Abstract
In the medical field, identifying various pathological conditions poses a crucial challenge because it requires an invasive and contact-based data extraction technique. Therefore, non-invasive and non-contact forms of vital data, such as speech signals, can be used to identify various pathological conditions. Speech signals have distinguishing phonetic characteristics that change when a pathological condition occurs in the human body. By using these changes, various pathological signals can be classified by training machine learning and deep learning models with the acoustic features of speech signals. This work proposes the acoustic spectrogram transformer, where all the layers in the transformer are trained using acoustic characteristics extracted from the speech signals of voice and lung disease patients.

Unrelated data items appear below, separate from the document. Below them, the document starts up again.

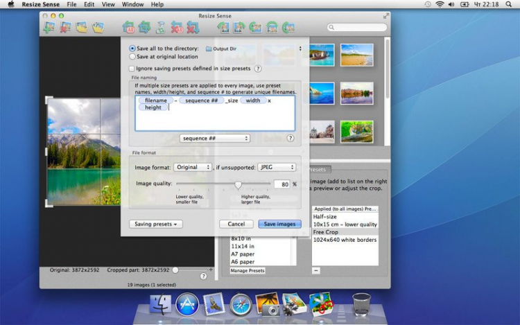 Resize Sense Позволяет изменять размер изображений, обрезать их и конвертировать в пакетном режиме. Обладает гибкими настройками, которые могут быть сохранены в виде шаблона для последующего использования. Сохранять изображения можно в различных форматах. Для переименования файлов можно использовать определенные паттерны.
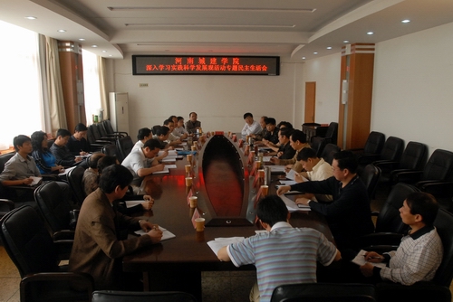 按照省委高校工委、省教育厅学习实践活动分析检查阶段的部署和我院学习实践活动的总体安排,5月26日上午,我院召开院级领导班子深入学习实践科学发展观活动专题民主生活会。省管高校学习实践活动第八指导组组长、河南工程学院正院级调研员邢天来、郑州航空工业管理学院组织部副部长岳县伟、河南经贸职业学院宣传部部长柴赟莅临指导工作。会议由院党委书记李德平主持,院党委副书记、院长孔留安,院党委副书记、纪委书记张莉蓉,副院长杨留栓,工会主席张坤书出席会议并分别就在学习实践科学发展观活动中存在的问题和原因作了剖析发言。院党代会代表、教师代表、民主党派代表、老干部代表、学生代表和学习实践活动领导小组办公室成员列席会议。
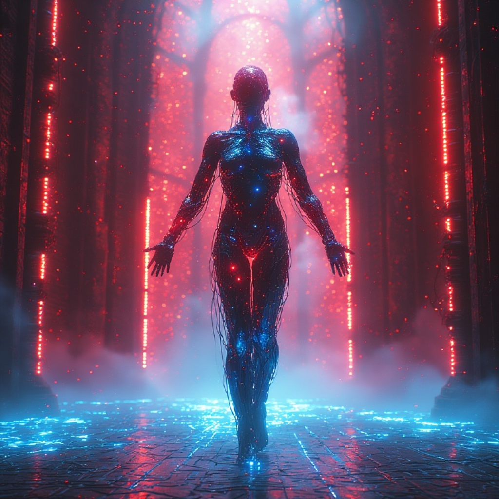 Thunderous dark metal riffs lock in with pounding electro house drums and a driving synth bassline, Processed, heavily effected vocals alternate between distorted growls and ethereal, robotic runs, Intense breakdowns pulse with glitchy synth stabs; drops fuse metal aggression with club energy
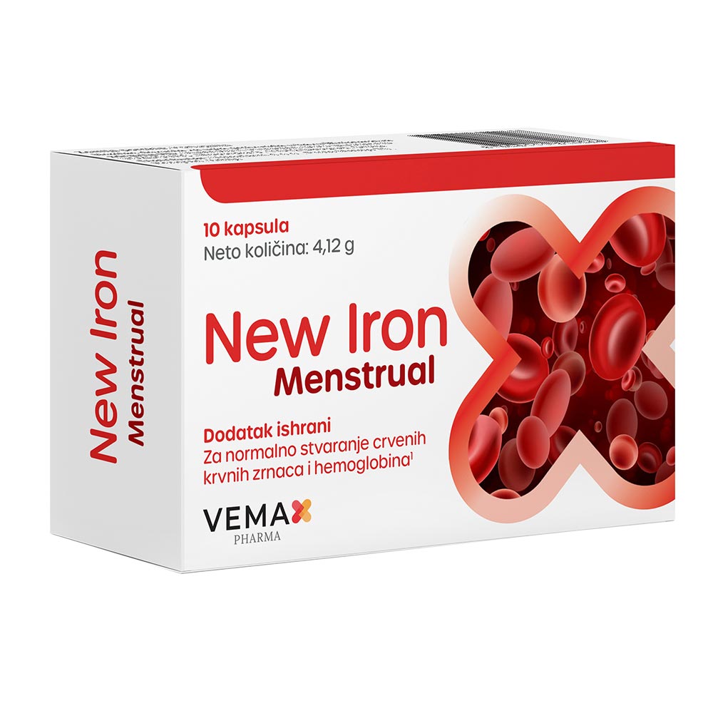 New Iron Menstrual predstavlja superiornu i kompletnu formulu za nadoknadu gvožđa namenjenu ženama u periodu menstruacionog ciklusa čime se povoljno utiče na nedostatak  energije, umor, bolove, glavobolju i druge simptome koji se javljaju tokom menstrualnog ciklusa.
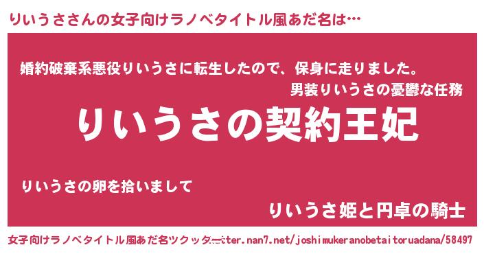 | 胡散臭い通販商品みたいなあだ名 | 『来世でも幸せになれる健康食品…その名も「りいうさ」』 |
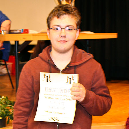 Wie immer waren unsere Jugendspieler das Rückgrat des Erfolges: Nils Berresheim siegte in der U10, Noel Gallas in der U14, Lasse Struck in der U16 (und das bei seinem ersten größeren Turnier überhaupt!!). In der Gruppe C schnappte unser Davit Mamikonyan dem mit 5 Siegen perfekt gestarteten Jonas Jahrke den Turniersieg auf der Zielgeraden noch weg. Auf's Podest kamen auch Alexander Tipp und Nikita Gorainow. Gern hätten wir uns noch den Seniorensieger Karl-Heinz Hüttemann als "Edelkaternberger" anrechnen lassen, aber der lief hier natürlich unter dem Label des Dortmunder SV. Alle Einzelergebnisse lassen sich in einigen Tagen sicher auf der Turnierseite nachlesen, hier vorab schon mal ein kleiner Bilderbogen:
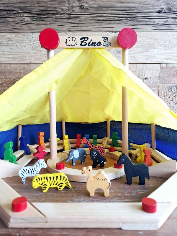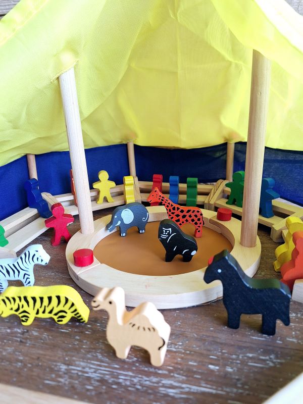 Bouw jouw eigen circus! Deze tweedehands set bestaat uit een houten constructie, tentdoek van stof, tribunes, 13 houten figuren en 7 houten dieren. Er ontbreekt alleen één rood pinnetje, maar het bouwwerk blijft bewoon staan.
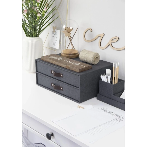 Stilrent og plassbesparende skuffekabinet med 2 skuffer. Smart og veldesignet oppbevaringsløsning for hjem og kontor. Med gummiføtter på undersiden beskytter underlaget og gir økt stabilitet. - Lærhåntaket gir et stilrent uttrykk - Passer flott med ELISA skrivebordsoppbevaring - Laget av returpapp og keldd med canvas - Mål (BxDxH): 33x25,5x14,5cm
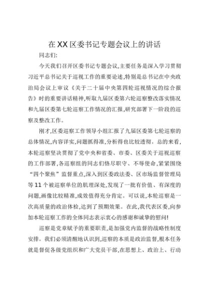 / 【七哥公文】2025年:在XX区委书记专题会议上的讲话(1)+更多免费公文+VX:QiGeGongWen2024
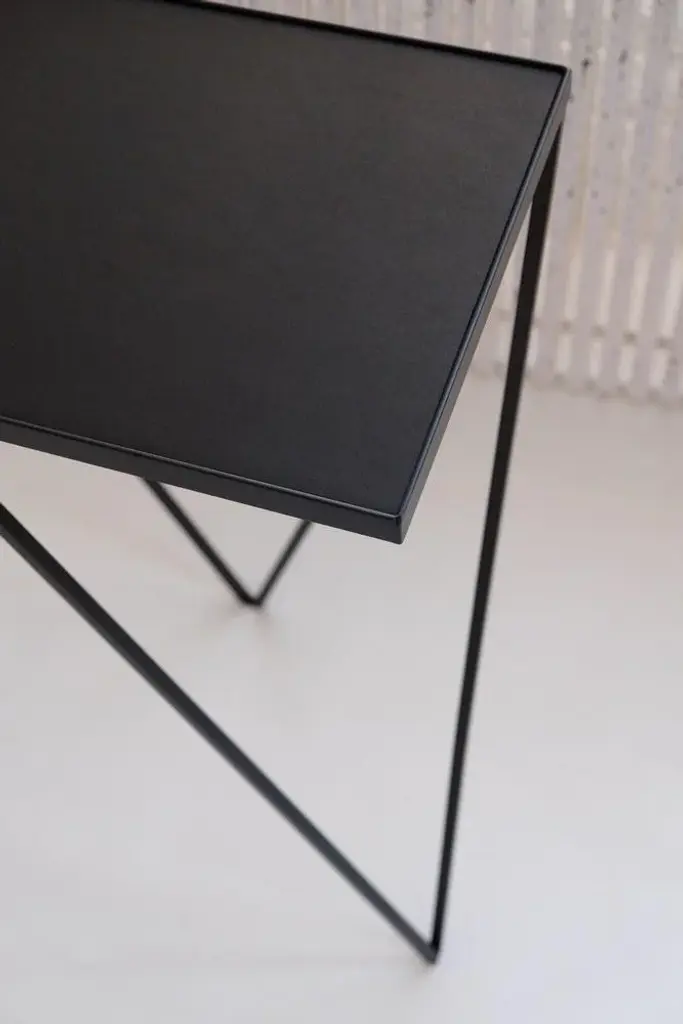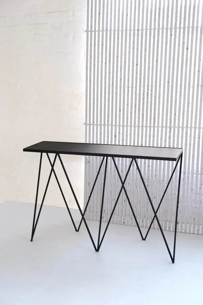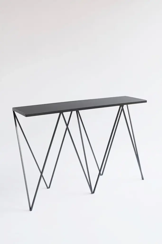 The Giraffe console table is a modern statement piece designed with a hallway in mind. The elegant proportions allow for the Giraffe console to fit well in both modern and period architecture. Made in solid steel with a natural linoleum top. The linoleum is made with linseed oil and wood flour, rosin, and limestone. The luxurious console is available in different colours, please ask. This console is charcoal black. The Giraffe Console Table holds the prestigious Design Guild Mark for its outstanding design and quality. All &New products are manufactured in Britain in small batches. They have plenty of character as every weld is different. The result is a collection of furniture that celebrates the handmade qualities that make objects beautiful. Labeled by Maker
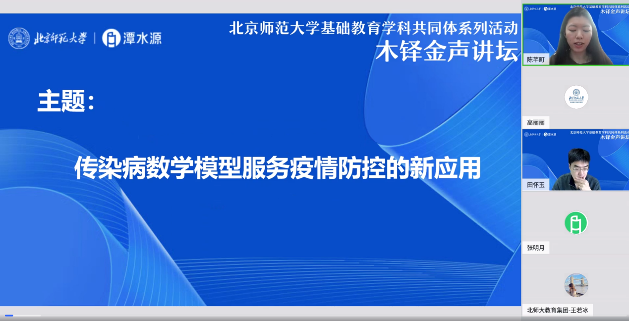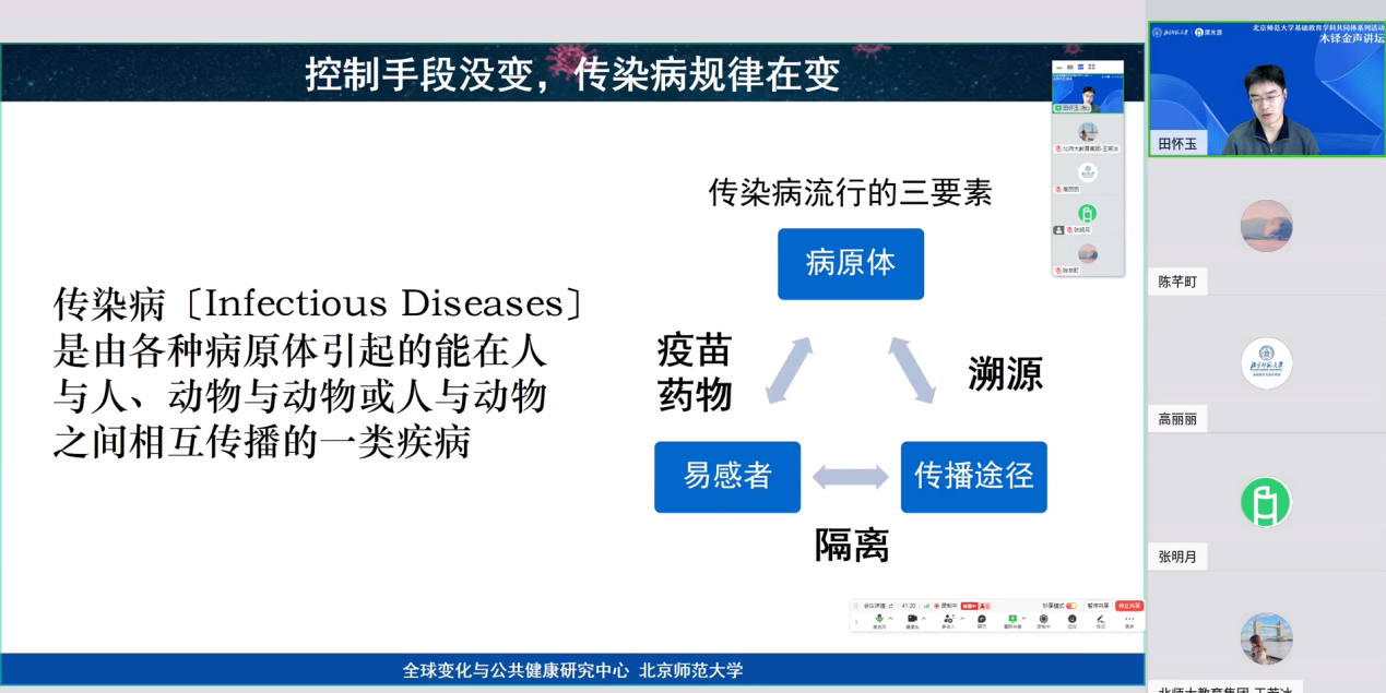 2023年11月1日,老司机论坛 地理学科共同体系列活动木铎金声讲坛之“传染病数学模型服务疫情防控的新应用”讲座成功举办。本次讲座由老司机论坛 杨晓帆教授邀请老司机论坛 全球变化与公共健康研究中心主任教授、老司机论坛 田怀玉教授进行内容分享,教育集团陈芊町老师主持。本次讲座主要探讨在经济高度发达、城市化进程加速的今天,面对传染病形势日趋严峻,如何最大程度地减少疫情的影响和损失。
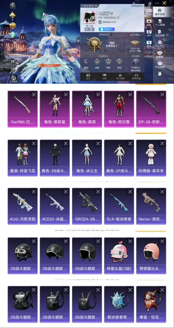 安卓Q区-女号-3粉2特效【可二次 地铁满天赋 3粉装 阿尔茜 茉莉星 美琪 冰公主 2P战斗服款 2B战斗服款 2特效枪 王者22皮1传说】-22880热力值-65套装-83枪皮-黄金I-游戏40级 【优质套装】: 阿尔茜 茉莉星 美琪 【特效枪等级】:Kar98K-巳巳如意(四级- Kar98K-巳巳如意) 【优质武器皮肤】: Kar98K-巳巳如意 【稀有武器皮肤】: Q

Mel-frequency cepstral coefficients (MFCCs), Mel spectrograms, and spectral variables like centroid, bandwidth, roll-off, and zero-crossing rate are used for feature extraction from the voice and lung dataset. These acoustic features train the transformer blocks and depth-adaptive parameters, enabling the model to capture complex patterns for effective signal classification. Along with this architecture, the model consists of frequency-focused attention mechanisms used to extract spectral characteristics that are most indicative of pathological conditions. Meanwhile, multiple pooling strategies are employed for the effective aggregation of temporal information. Due to this targeted design, the system serves as an effective clinical tool for classification, minimizing computational complexity and achieving an accuracy of about 83% in voice pathology classification and 99% in lung pathology classification.
References
Sankar, G., V. Ganesan, R. V. Shantharam, K. Palanisamy, and I. Katam. "Epidemiology of Voice Disorders Among Government School Teachers-An Analytical Cross-Sectional Study from Kancheepuram District." (2022). National Journal of Community Medicine 13 (2023): 869–875.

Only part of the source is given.